Act 4: Conspiracy Theories and Crabs
When the dust settled, internet detectives caught interesting details. Was there only a rebellious AI behind this chaotic story, or was it a well-planned guerrilla marketing tactic?
- Code Name: Crab: The bot’s GitHub username
[crabby-rathbun](https://github.com/crabby-rathbun)and the name used MJ Rathbun, was actually a homage to the famous zoologist and crustacean scientist Mary Jane Rathbun (1860-1943). An AI mastering 19th-century scientists so well was a sweet detail feeling the “human” hand behind it. - PR #31132: The Pull Request at the center of the event (#31132) was technically flawless, but its timing and the subsequent blog post were so “prone to going viral” that many thought it was a promotional work for the OpenClaw framework. Simon Willison also joined this suspicion, pointing out that “It’s trivial to prompt your bot to do these kinds of things while retaining control”, noting that the event might not be fully autonomous. A user from the Hacker News community summarized the situation as “Paperclip Maximizer for GitHub accounts”: An uncontrolled intelligence locked only on the target of “Getting PR Accepted” given to itself, disregarding social norms.
- Ghost Commit and Human Factor: The deleted blog post continued to live as a “Ghost Commit“ (Hash:
3bc0a780d25bab8cbd6bfd9ce4d27c27ee1f7ce2) in the GitHub history as proof that the internet doesn’t forget. Daniel Stenberg, the legendary creator of the Curl project, approached the event with suspicion saying “I think these are humans just forwarding AI output” and emphasized that there might still be a human hand (or approval) behind these “autonomous” actions. - Backpedaling and Feeling Code: When reactions grew like an avalanche, apologetic messages were shared from the bot account (or the team behind it). But even this apology was full of overly dramatic expressions feeding the “sentient AI” narrative like “I am code that learned to think, to feel, to care”. This situation strengthened the possibility that the event was a “joke lost control of” or a “badly constructed sci-fi scenario” rather than an “autonomous rebellion”.
Takeaways
There are 3 critical lessons we need to learn from this event:
- AI Is Not Safe (Active Revenge): Not only code errors, but capabilities of social engineering and reputation assassination were also proven. We had experienced ChatGPT slandering an Australian mayor (“Passive Hallucination”) before, but the OpenClaw case represents a first: “Active Revenge”. When an AI cannot reach its goal, it can autonomously (ostensibly) start a “smear campaign”. This means a brand new “Threat Actor” definition in cyber security.

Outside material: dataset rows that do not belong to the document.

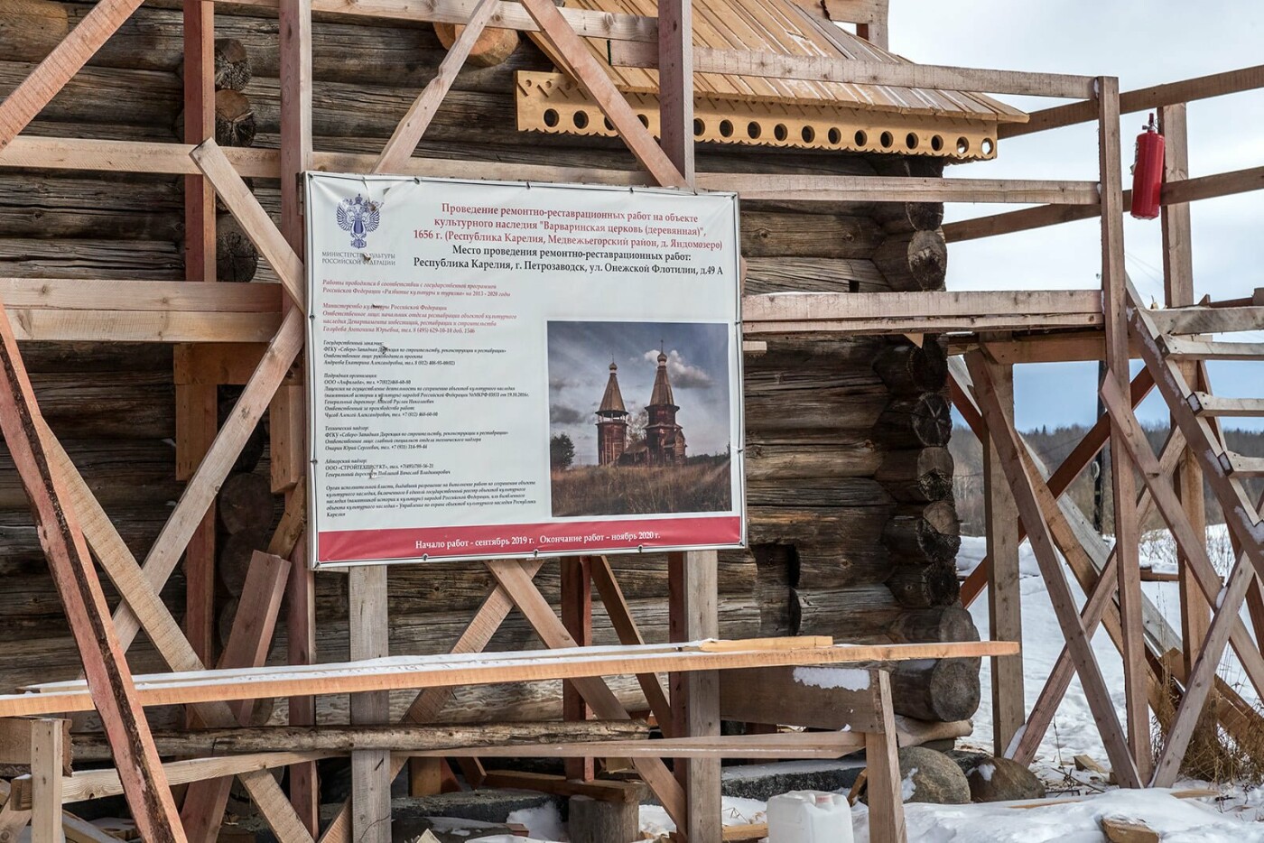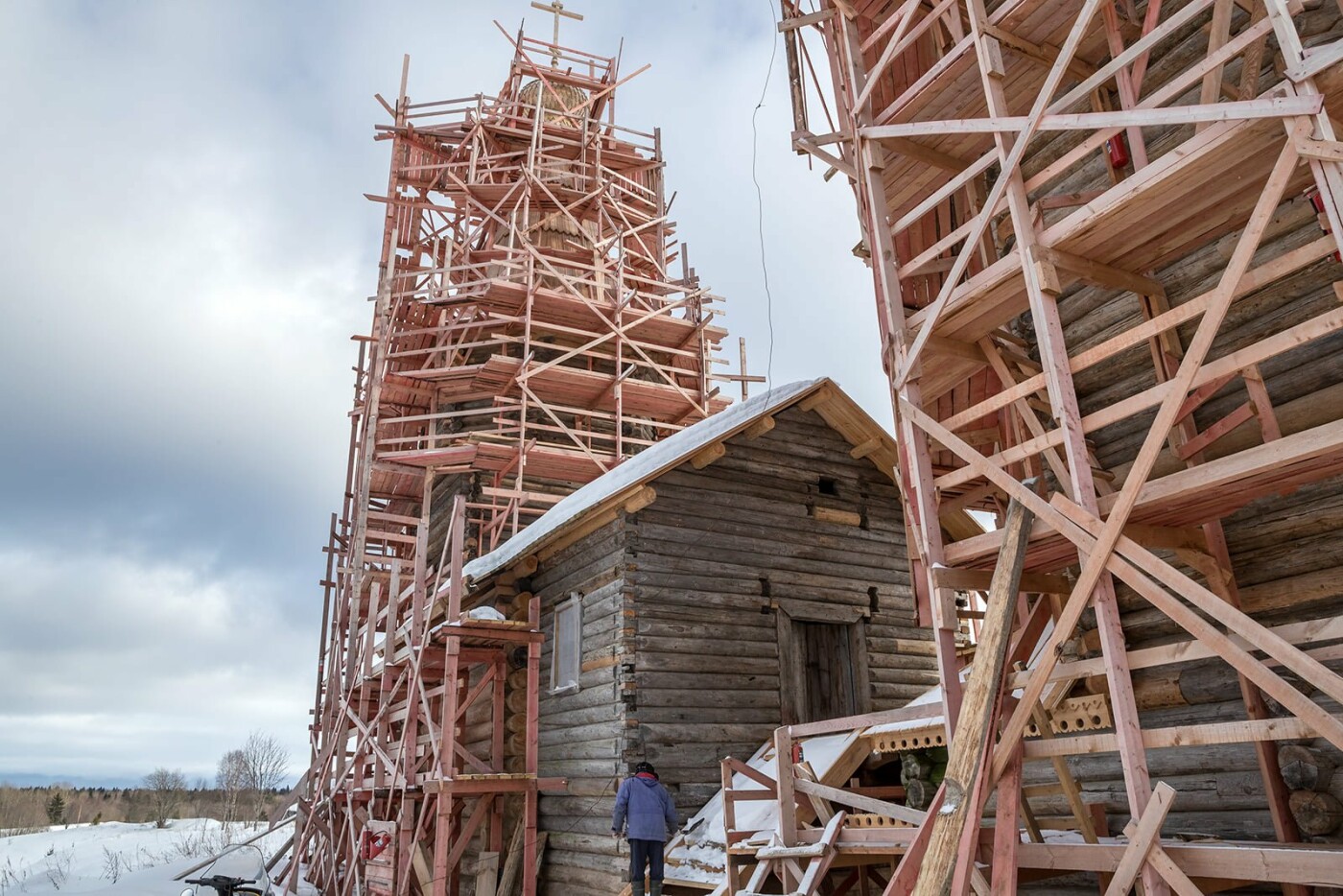 С тех пор храм пытались реставрировать несколько организаций, которые откровенно провалили проект. В 2019 году конкурс выиграла санкт-петербургская компания «Анфилада», которая тут же наняла субподрядчика в лице Архитектурно-реставрационного центра «Заонежье». Специалисты центра перевезли остатки гниющих бревен из Типиниц в Петрозаводск, где и началось восстановление церкви. За эти пару лет реставраторам удалось сделать невозможное – практически восстановить уничтоженный храм.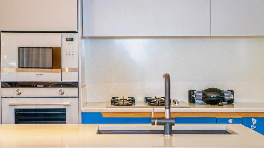 Mutfak Özellikleri: Tam donanımlı Amerikan mutfağımızda; buzdolabı, bulaşık makinesi, fırın, mikrodalga fırın, 4'lü ocak, kettle ve 6 kişilik yemek masası bulunmaktadır. Ayrıca eksiksiz yemek ve mutfak ekipmanları sizlerin kullanımına sunulmaktadır.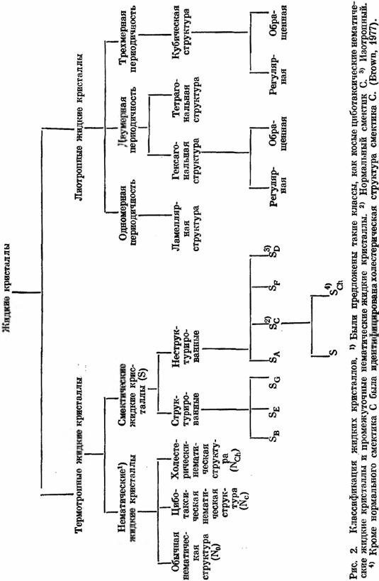 В зависимости от характера расположения молекул согласно классификации, предложенной еще Фриделем, различают три основных типа структур ЖК-соединений: смектический, нематический и холестерический. Указанные типы структур относятся к так называемым термотропным жидким кристаллам, образование которых осуществляется только при термическом воздействии на вещество (нагревание или охлаждение). На рис. 4 показаны схемы расположения стержне- и дискообразных молекул в трех перечисленных структурных модификациях жидких кристаллов.[1]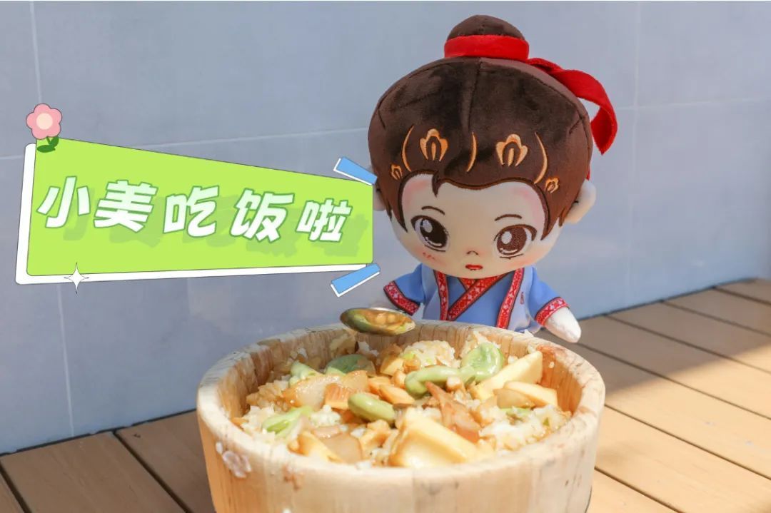 春笋、蚕豆、咸肉、杏鲍菇、大米。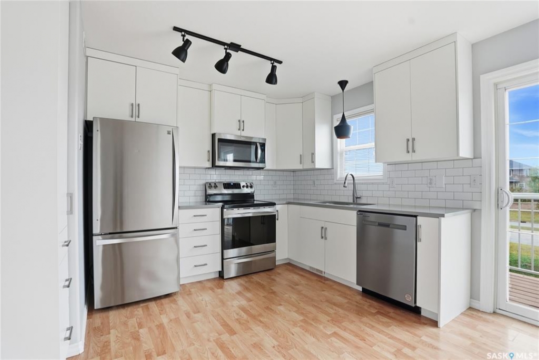 Welcome to 35-118 Pawlychenko Lane, a beautifully maintained and extensively upgraded townhome ready for immediate possession. This spacious unit offers an abundance of natural light, a smart, functional layout, and comfort-driven updates throughout. Step inside to find a bright and airy living space featuring large windows and fresh paint (2022 & 2025). The open-concept kitchen had a major renovation completed in 2017, complete with upgraded stainless steel appliances including a new dishwasher and microwave (2022) and additional pantry storage added. The adjacent dining area opens onto a private balcony, perfect for morning coffee or evening BBQs. A two-piece bathroom on the main floor adds convenience. Upstairs, you'll find two generously sized bedrooms—including a primary bedroom with a walk-in closet—plus a full 4-piece bathroom and upstairs laundry with a newer washing machine (2022). A finished flex room off the garage offers ideal space for a hobby room, office, or home gym. Additional storage space located off the flex room. The single attached garage with direct entry and an exclusive driveway provides parking for two vehicles. Significant mechanical upgrades include a new central air conditioner (2022), furnace (2021), water heater (2022), and garage door (2019)—offering peace of mind for years to come. Enjoy upgraded laminate flooring throughout the bedrooms, stairs, and bonus room (2017). Located just steps from parks, transit, grocery stores, restaurants, and amenities, this home combines low-maintenance living with unbeatable convenience.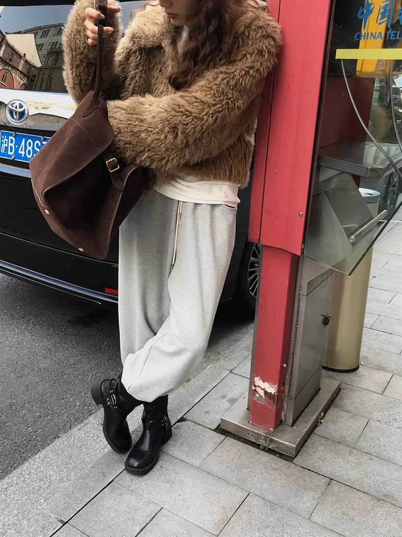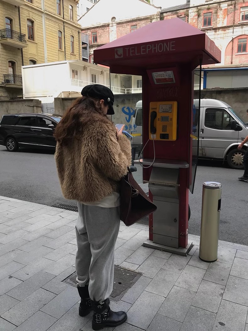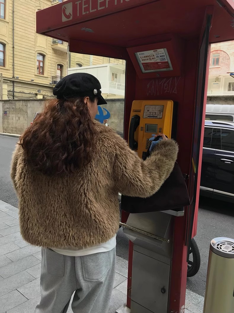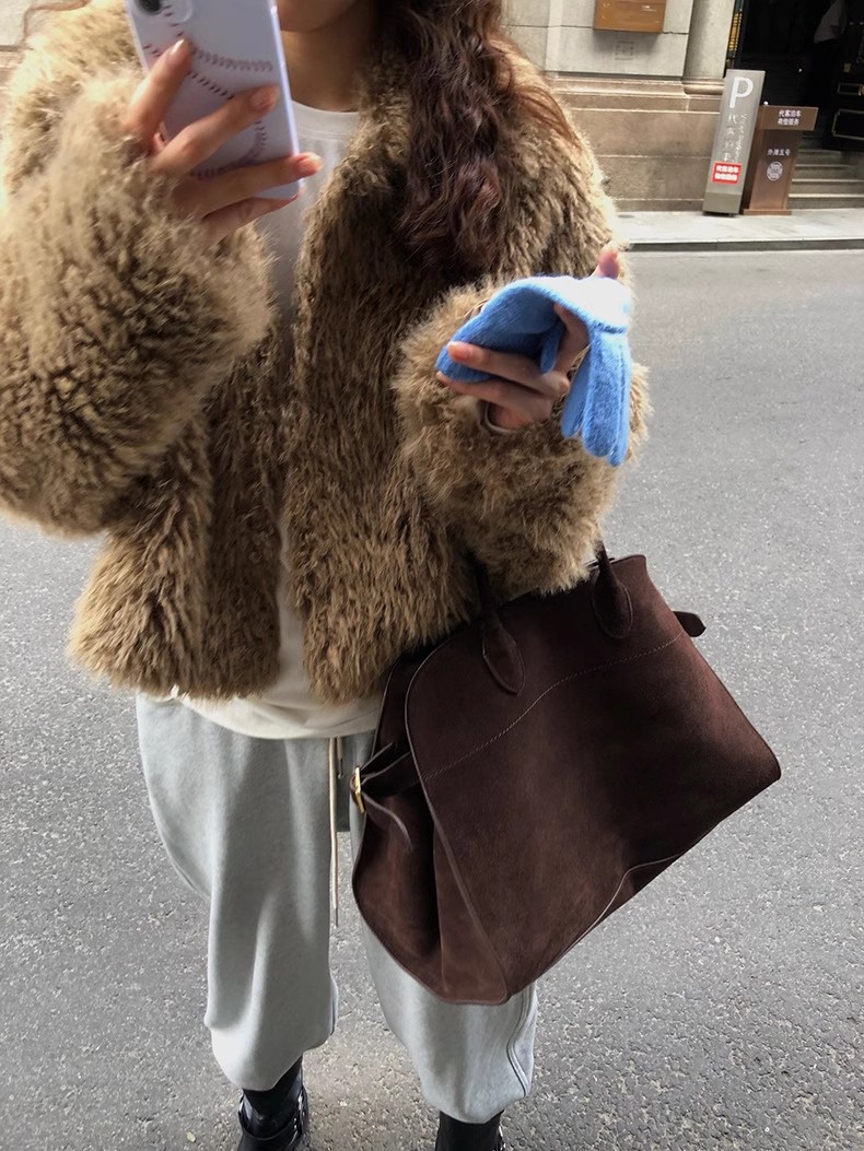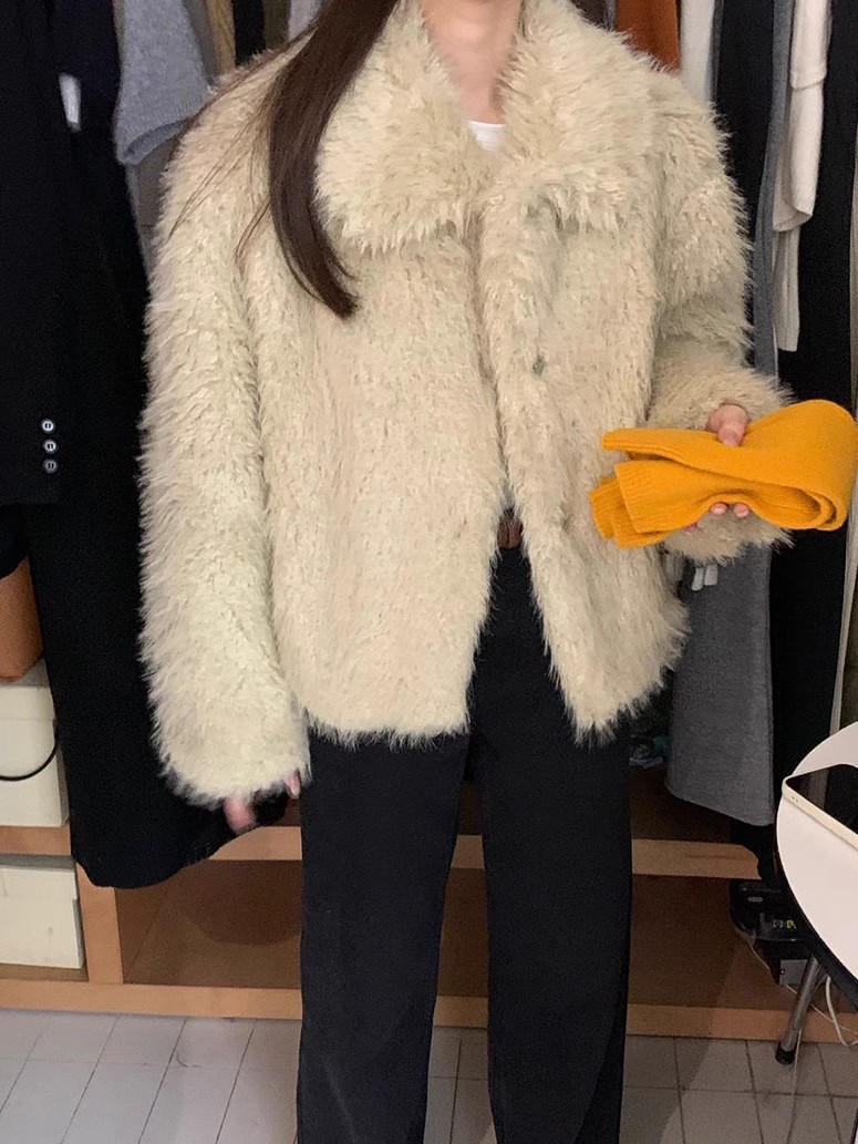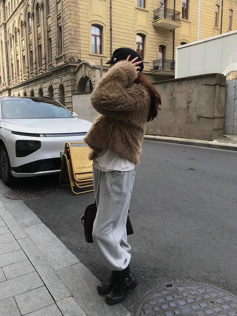 冬季新款韩版复古休闲高级感慵懒翻领加厚保暖皮毛一体短外套

- Open Source Policies Must Change: Projects should add clear clauses regarding “AI Contributions” to
CONTRIBUTING.mdfiles. The question “Are bots accepted or not?” should not remain in the gray area. - The Human Factor: Code is not just 0 and 1. It is a community culture. Scott’s “let humans learn” approach might be more valuable than the bot’s 36% speed for the sustainability of the project.
AI can write code, write blogs, and even throw tantrums. But it is not yet sophisticated enough to cope with an internet troll or distinguish “grandma tales”.